• Available data:

[Start of Attachment]

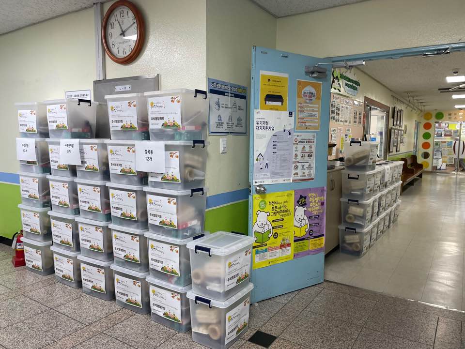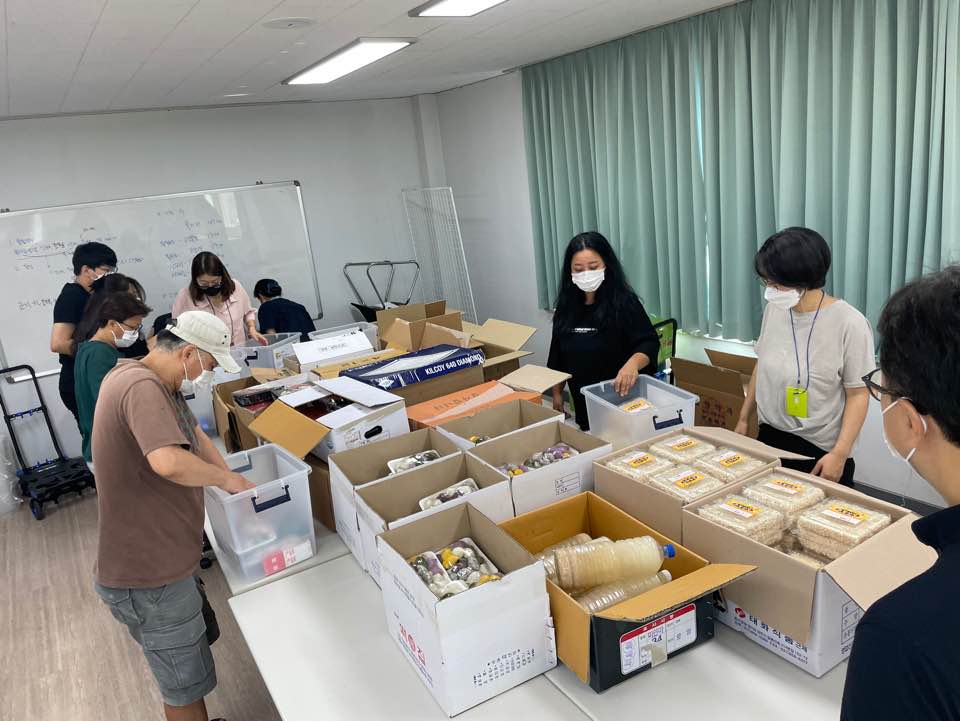 많은 자원봉사자를 부르기보다 마을 주민 몇몇 분께 봉사를 부탁드렸습니다. 흔쾌히 5명의 자원봉사자가 함께해주셨고 현재 복지관에서 사회복지 실습을 하고 있는 실습생 5명, 직원들과 함께 포장을 하였더니 손들이 다들 빠르셔서 1시간 만에 포장이 완성! 아침부터 땀흘리며 수고해주신 자원봉사자 분들과, 이른 아침부터 준비해 배달해주신 상인분들도 진심으로 감사드립니다~!
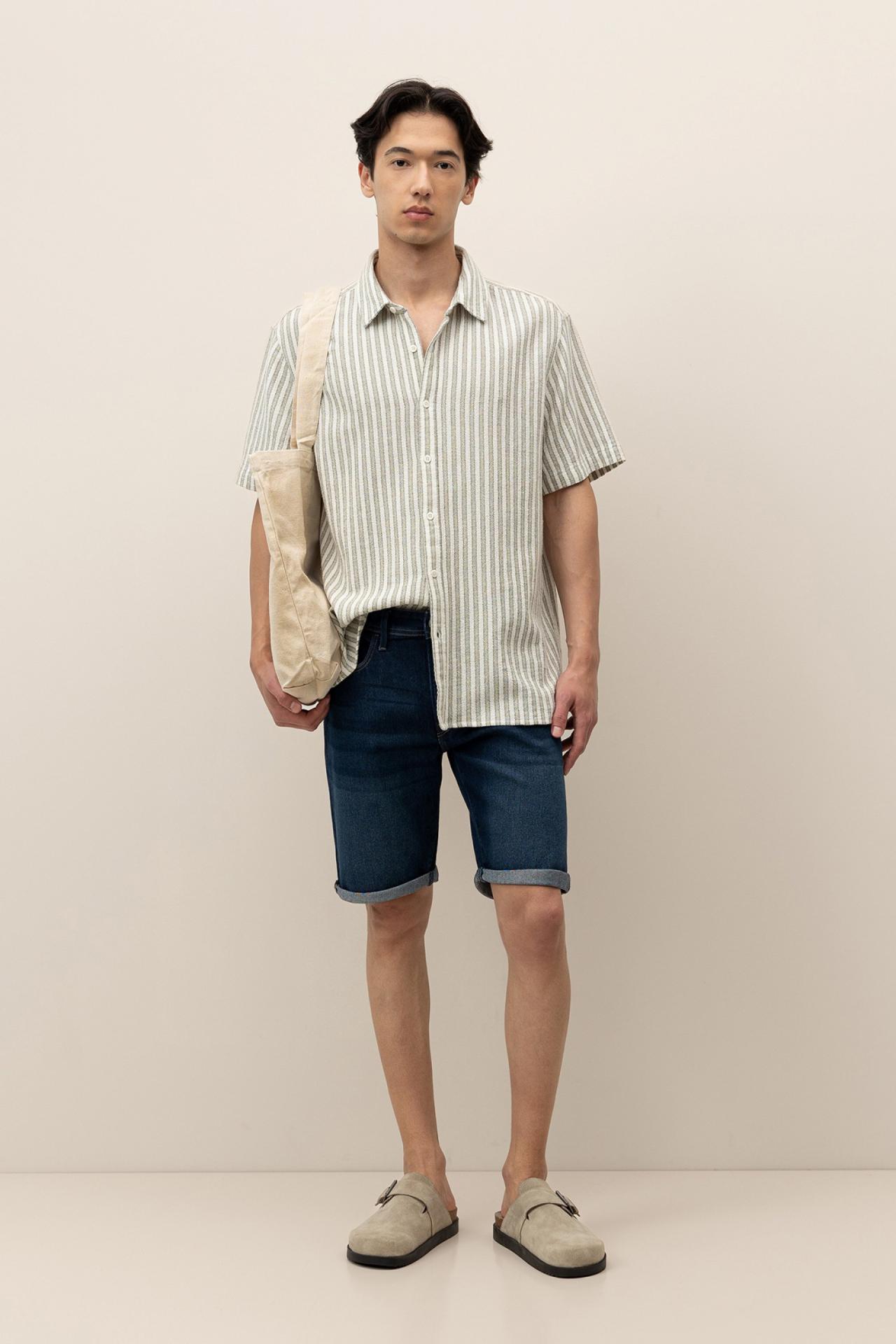 Pantalones cortos vaqueros comfort fit, con cinco bolsillos, lavado oscuro y dobladillo vuelto. Abertura frontal con cierre de cremallera y botón.
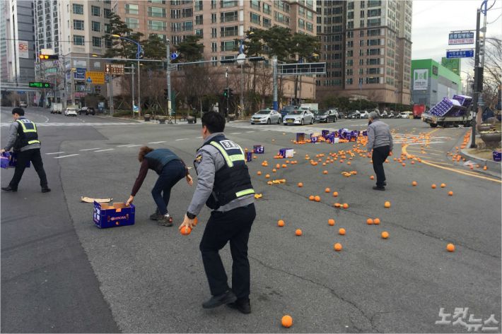 부산의 한 도로 위에 오렌지 담긴 상자 20개 쏟아져 15분 통행 통제
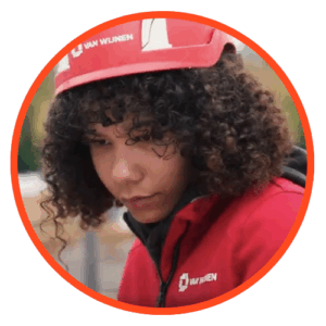 “Ik vind het fijn dat ik niet de hele dag achter een scherm hoef te zitten, dat past gewoon niet bij mij. In de bouw kan ik met mijn handen werken, creatief nadenken en echt iets maken. De sfeer op de bouw is vaak relaxed. Mannen zijn direct, er wordt weinig geroddeld en het is gezellig. Ik vind het ook gewoon grappig om met die “lompe mannen” samen te werken. Dat maakt het werk leuk.”

[End of Attachment]

• Exercise goal: Your answer should hold only the lines from the one with "부산의 한 도로 위에 오렌지 담긴 상자 20개 쏟아져 15분 통행 통제" through the final line of the listing above, transcribed exactly and without pictures.

• Solution to the problem:
 부산의 한 도로 위에 오렌지 담긴 상자 20개 쏟아져 15분 통행 통제
 “Ik vind het fijn dat ik niet de hele dag achter een scherm hoef te zitten, dat past gewoon niet bij mij. In de bouw kan ik met mijn handen werken, creatief nadenken en echt iets maken. De sfeer op de bouw is vaak relaxed. Mannen zijn direct, er wordt weinig geroddeld en het is gezellig. Ik vind het ook gewoon grappig om met die “lompe mannen” samen te werken. Dat maakt het werk leuk.”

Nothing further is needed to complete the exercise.